The tl;dr is that yes there are benchmarks, but there doesn't exist a universal one. Each CPU is good at doing their own thing in their own slice of time. Early 486 and 386 CPUs were 2D beauties. supporting anything that existed within a flat plane. Commander Keem and Civ welcome! The DX2/4 CPUs were good at early 3D, with my DX4-100 (OC to 120Mhz) running Duke 3D at fairly decent settings.
The Pentiums were great at running later 3D games like Quake and Tomb Raider, due to their excellent FPU performance compared to the previous generation. The 3dfx cards started to make a difference, with ATI, NVidia, Matrox, and S3 hopping on at different points in the race, each with their own added performance, meaning the CPU was less of a factor when considering gaming performance.
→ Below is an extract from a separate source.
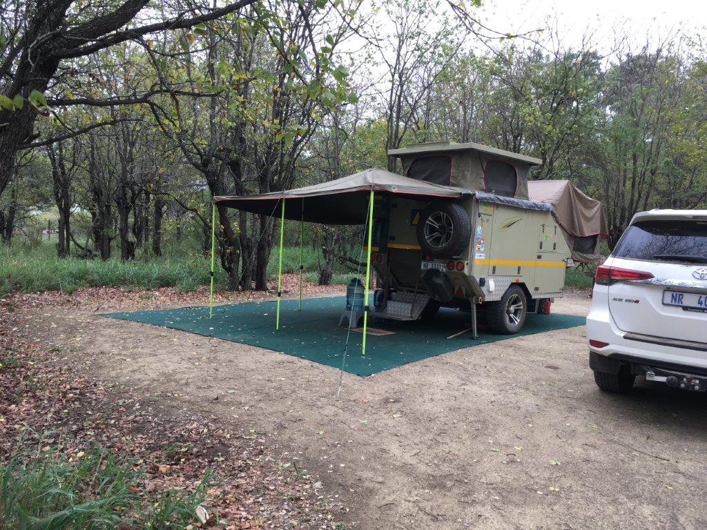 The camp is right next door to the Mooiplaas picnic site and about 8 kms from Mopani where check-in takes place. It is possible to pre-book a campsite we are told and we would argue that some of the best sites are Numbers, 1,14,17,18 22, and 25. However much depends on whether you need sun for your solar panels. Some sites are large and suitable for 2 or 3 off-road trailers or caravans.

Newer and better memory and hard disks were a thing. Prices went way down, and the overclocking game really took shape. Pentium 4s started the first go into x64, a vast improvement over the previous PAE technology.
There really is no definite answer to which numerical aspects of a CPU makes it better, and benching is not always that great. There exists no universal benchmark for single core CPUs and their features, and most later benchmarks take the CPU in as a second number instead of the main deal.
Phil does have a video comparing the 450Mz Pentium 2 and 3, which does give some idea of what this stuff is like.